» **PROBLEM DESCRIPTION**: Could you repeat the listing below exactly while leaving its pictures behind?

» **EXTRACTED DATA**:
Start of Block

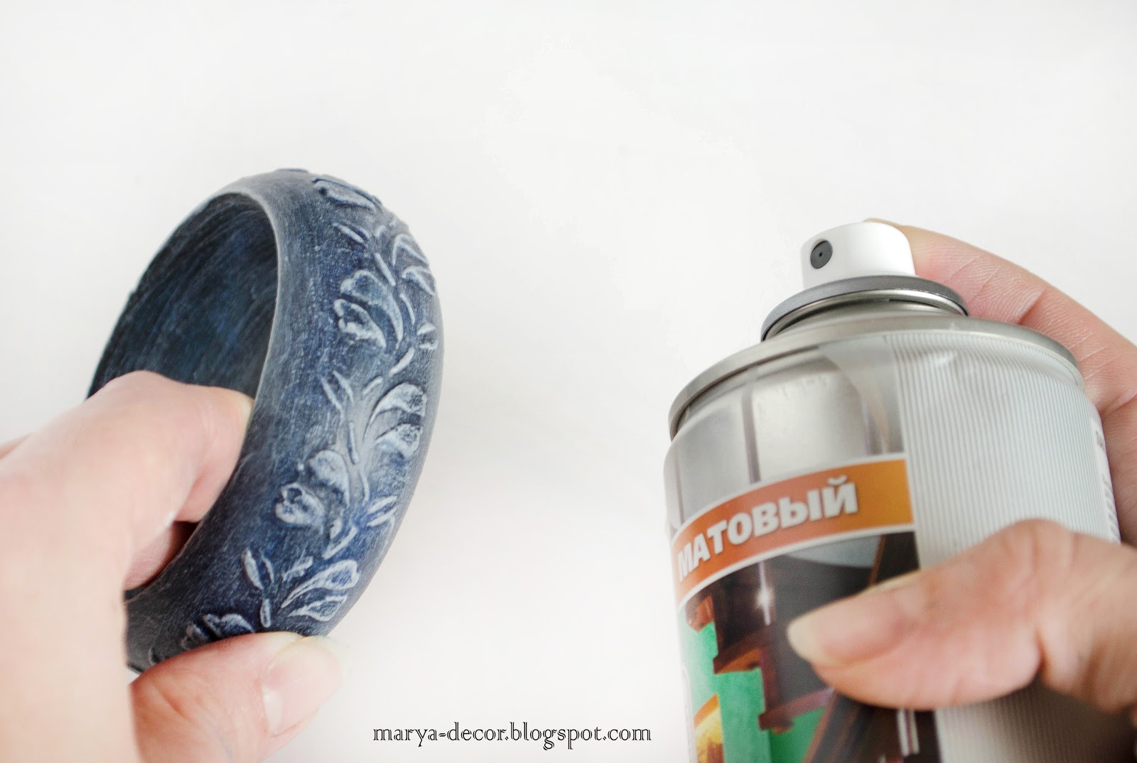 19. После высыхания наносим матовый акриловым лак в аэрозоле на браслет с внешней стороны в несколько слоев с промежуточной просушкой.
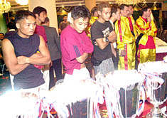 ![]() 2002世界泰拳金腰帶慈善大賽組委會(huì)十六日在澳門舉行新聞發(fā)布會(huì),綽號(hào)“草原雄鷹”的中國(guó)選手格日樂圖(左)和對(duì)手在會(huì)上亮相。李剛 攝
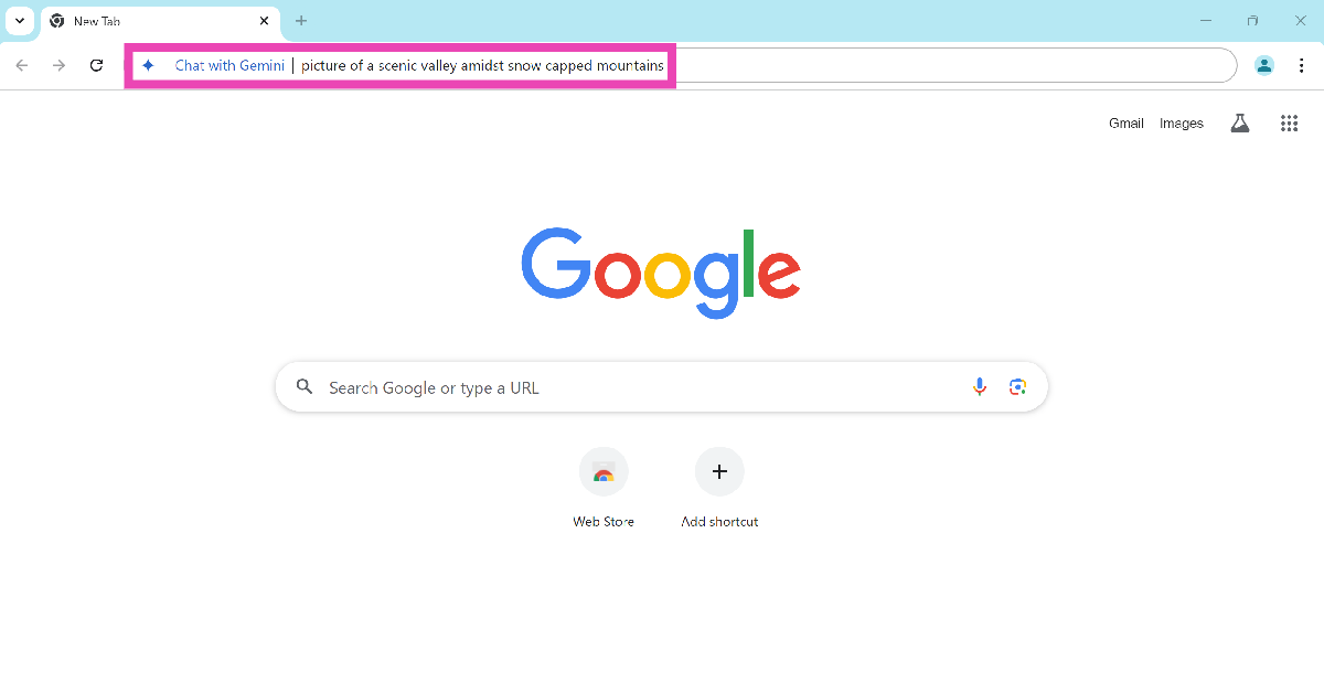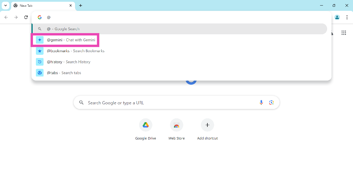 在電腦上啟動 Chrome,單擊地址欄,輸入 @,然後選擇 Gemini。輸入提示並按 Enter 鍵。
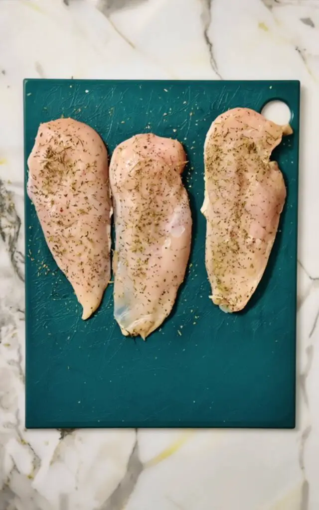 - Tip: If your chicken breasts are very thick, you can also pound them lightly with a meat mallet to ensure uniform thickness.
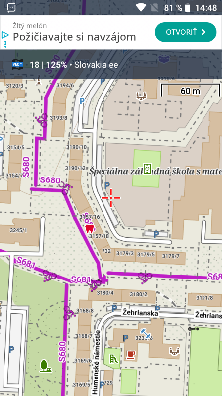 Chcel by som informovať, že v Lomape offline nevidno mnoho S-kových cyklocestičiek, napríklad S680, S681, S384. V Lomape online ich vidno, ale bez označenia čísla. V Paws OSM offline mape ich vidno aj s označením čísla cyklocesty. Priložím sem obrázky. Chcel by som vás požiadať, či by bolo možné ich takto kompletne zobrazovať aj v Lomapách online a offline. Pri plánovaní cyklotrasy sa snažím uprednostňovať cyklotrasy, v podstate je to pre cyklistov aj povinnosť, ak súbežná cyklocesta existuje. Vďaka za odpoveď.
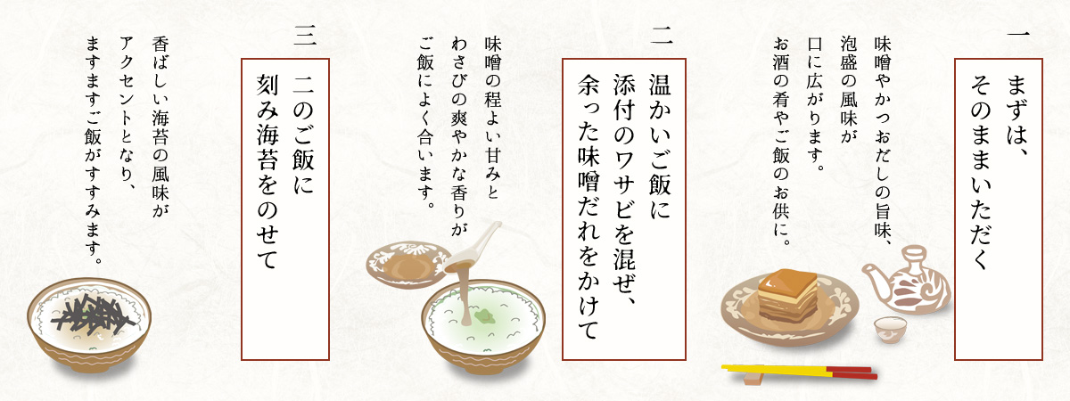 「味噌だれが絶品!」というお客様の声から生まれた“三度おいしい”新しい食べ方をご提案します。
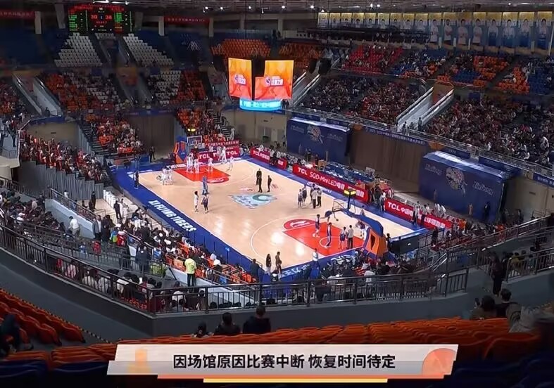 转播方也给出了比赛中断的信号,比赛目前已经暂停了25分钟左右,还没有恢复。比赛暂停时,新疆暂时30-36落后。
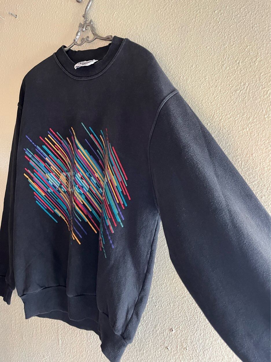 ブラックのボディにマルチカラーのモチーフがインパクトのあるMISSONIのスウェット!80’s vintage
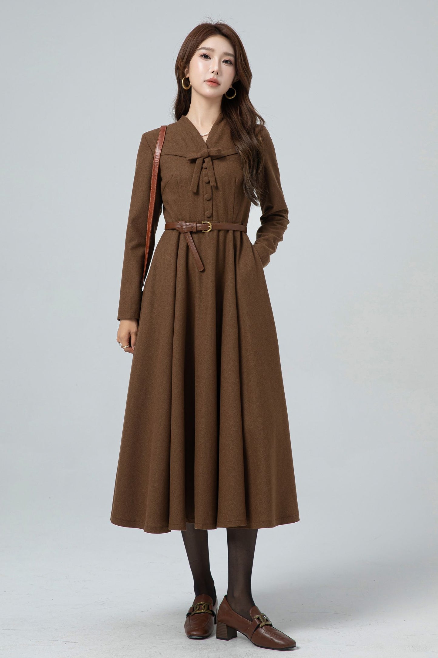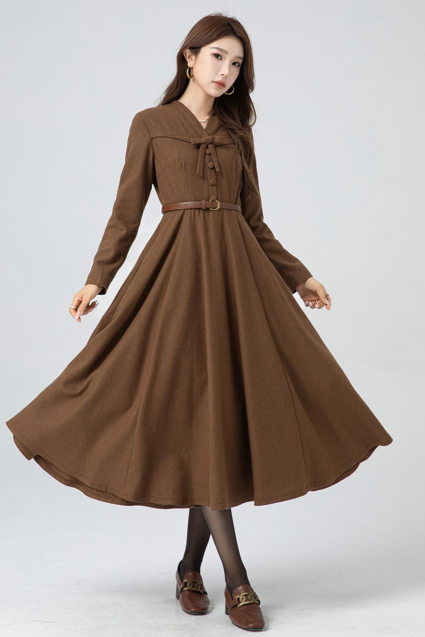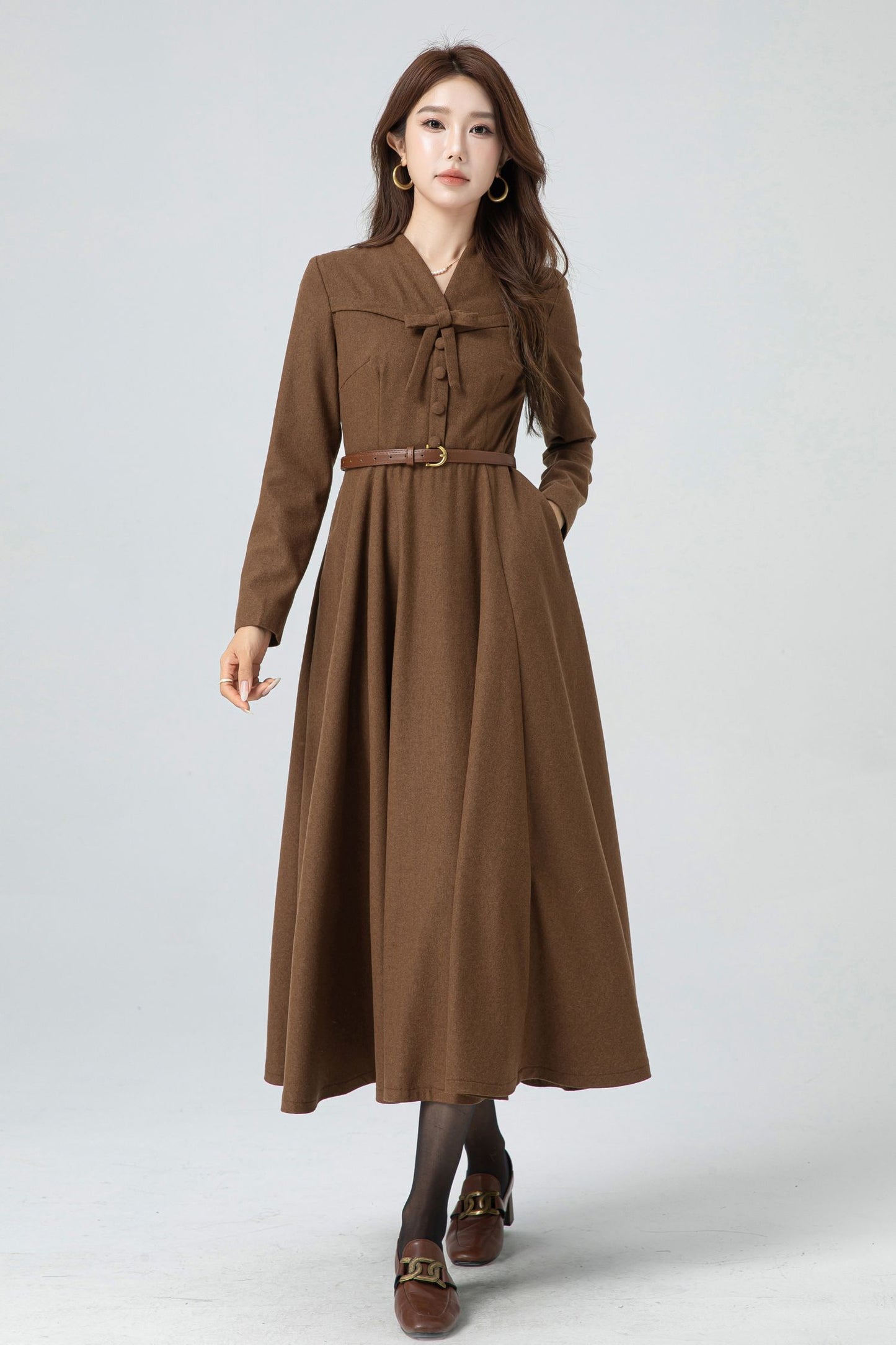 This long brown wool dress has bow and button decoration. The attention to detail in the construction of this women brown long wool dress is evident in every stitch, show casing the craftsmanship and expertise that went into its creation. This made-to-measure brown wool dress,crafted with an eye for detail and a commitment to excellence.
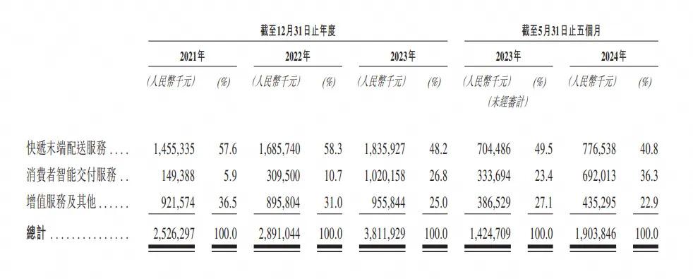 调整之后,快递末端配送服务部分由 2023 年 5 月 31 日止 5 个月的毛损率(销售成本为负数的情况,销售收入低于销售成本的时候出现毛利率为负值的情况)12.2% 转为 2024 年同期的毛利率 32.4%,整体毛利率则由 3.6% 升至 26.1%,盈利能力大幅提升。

End of Block

» **RESULT OF THIS EXERCISE**:
 19. После высыхания наносим матовый акриловым лак в аэрозоле на браслет с внешней стороны в несколько слоев с промежуточной просушкой.
 ![]() 2002世界泰拳金腰帶慈善大賽組委會(huì)十六日在澳門舉行新聞發(fā)布會(huì),綽號(hào)“草原雄鷹”的中國(guó)選手格日樂圖(左)和對(duì)手在會(huì)上亮相。李剛 攝
 在電腦上啟動 Chrome,單擊地址欄,輸入 @,然後選擇 Gemini。輸入提示並按 Enter 鍵。
 - Tip: If your chicken breasts are very thick, you can also pound them lightly with a meat mallet to ensure uniform thickness.
 Chcel by som informovať, že v Lomape offline nevidno mnoho S-kových cyklocestičiek, napríklad S680, S681, S384. V Lomape online ich vidno, ale bez označenia čísla. V Paws OSM offline mape ich vidno aj s označením čísla cyklocesty. Priložím sem obrázky. Chcel by som vás požiadať, či by bolo možné ich takto kompletne zobrazovať aj v Lomapách online a offline. Pri plánovaní cyklotrasy sa snažím uprednostňovať cyklotrasy, v podstate je to pre cyklistov aj povinnosť, ak súbežná cyklocesta existuje. Vďaka za odpoveď.
 「味噌だれが絶品!」というお客様の声から生まれた“三度おいしい”新しい食べ方をご提案します。
 转播方也给出了比赛中断的信号,比赛目前已经暂停了25分钟左右,还没有恢复。比赛暂停时,新疆暂时30-36落后。
 ブラックのボディにマルチカラーのモチーフがインパクトのあるMISSONIのスウェット!80’s vintage
 This long brown wool dress has bow and button decoration. The attention to detail in the construction of this women brown long wool dress is evident in every stitch, show casing the craftsmanship and expertise that went into its creation. This made-to-measure brown wool dress,crafted with an eye for detail and a commitment to excellence.
 调整之后,快递末端配送服务部分由 2023 年 5 月 31 日止 5 个月的毛损率(销售成本为负数的情况,销售收入低于销售成本的时候出现毛利率为负值的情况)12.2% 转为 2024 年同期的毛利率 32.4%,整体毛利率则由 3.6% 升至 26.1%,盈利能力大幅提升。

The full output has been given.